# Task goal
Print the line that contains "Enjoy the convenience", then every line after it until the entries end, exactly as they read; do not include pictures.

# Entries supplied
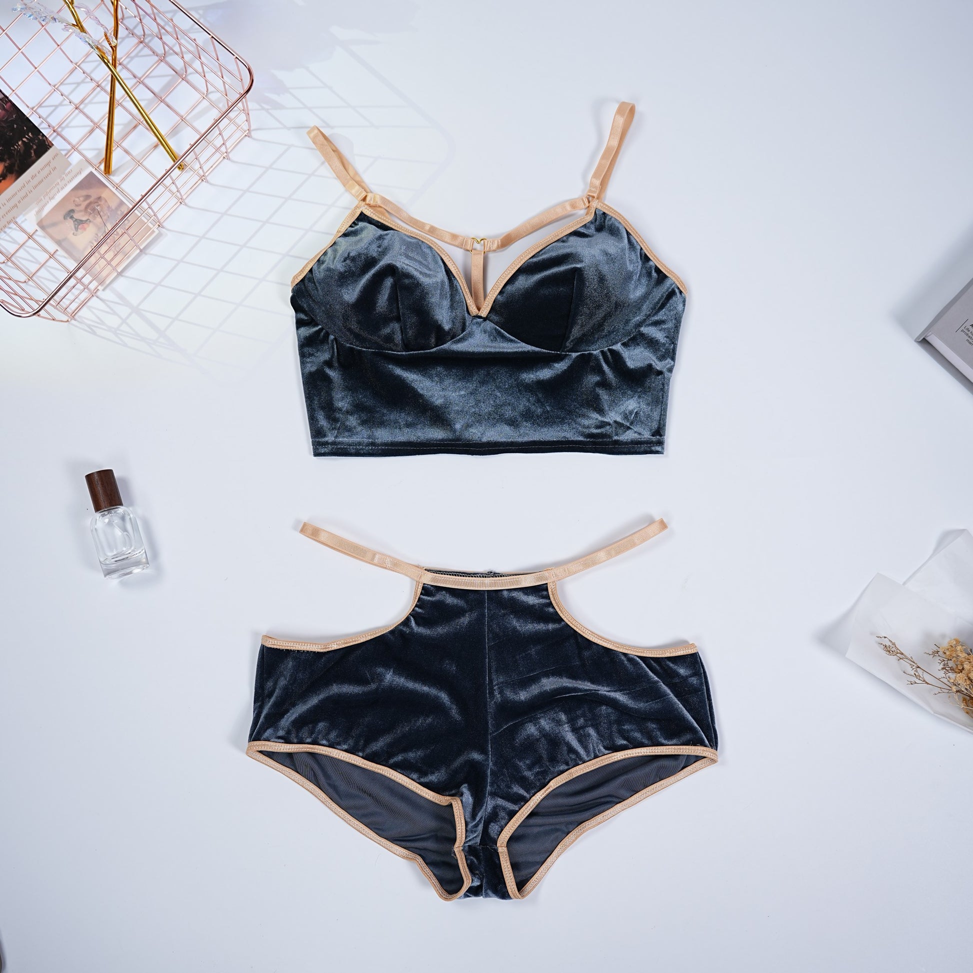 Velvet Grayish Blue Luxury Bra & Panty Sets, Soft, plush velvet offers warmth and opulence, ideal for cozy elegance. Metallic trim elevates visual appeal, contrasting with deep blue velvet for a glamorous touch.
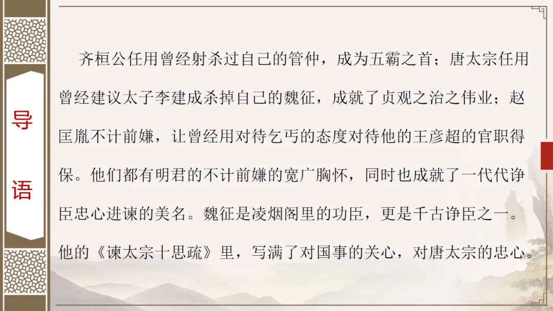 齐桓公任用曾经射杀过自己的管仲,成为五霸之首;唐太宗任用曾经建议太子李建成杀掉自己的魏征,成就了贞观之治之伟业;赵匡胤不计前嫌,让曾经用对待乞丐的态度对待他的王彦超的官职得保。他们都有明君的不计前嫌的宽广胸怀,同时也成就了一代代诤臣忠心进谏的美名。魏征是凌烟阁里的功臣,更是千古诤臣之一。他的《谏太宗十思疏》里,写满了对国事的关心,对唐太宗的忠心。
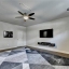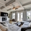 Enjoy the convenience of an oversized two-car garage, ample storage, and a private outdoor space perfect for morning coffee or evening relaxation. The fireplace is placed against a stone tile wall. The home has nest thermostats and Z-Wave compatible light switches to easily set up a smart home.
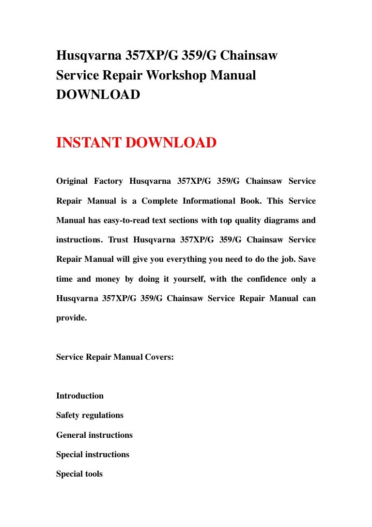 Husqvarna 357XP/G 359/G Chainsaw Service Repair Workshop Manual DOWNL…
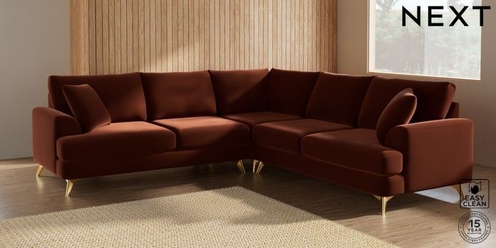 7.2.5 Buy Parker Medium Corner Sofa - Universal Plush Velvet Easy Clean Ginger Orange High Metal - Brass from the Laura Ashley online shop Click here to use our website with more accessibility support, for example screen readers
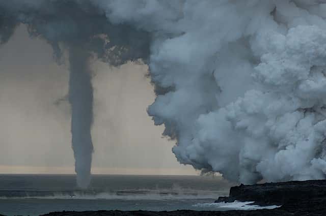 Los rayos pueden producirse en las nubes de cenizas de las erupciones volcánicas, o pueden ser causados por violentos incendios forestales que generan polvo capaza de crear carga estática.

# Response area
 Enjoy the convenience of an oversized two-car garage, ample storage, and a private outdoor space perfect for morning coffee or evening relaxation. The fireplace is placed against a stone tile wall. The home has nest thermostats and Z-Wave compatible light switches to easily set up a smart home.
 Husqvarna 357XP/G 359/G Chainsaw Service Repair Workshop Manual DOWNL…
 7.2.5 Buy Parker Medium Corner Sofa - Universal Plush Velvet Easy Clean Ginger Orange High Metal - Brass from the Laura Ashley online shop Click here to use our website with more accessibility support, for example screen readers
 Los rayos pueden producirse en las nubes de cenizas de las erupciones volcánicas, o pueden ser causados por violentos incendios forestales que generan polvo capaza de crear carga estática.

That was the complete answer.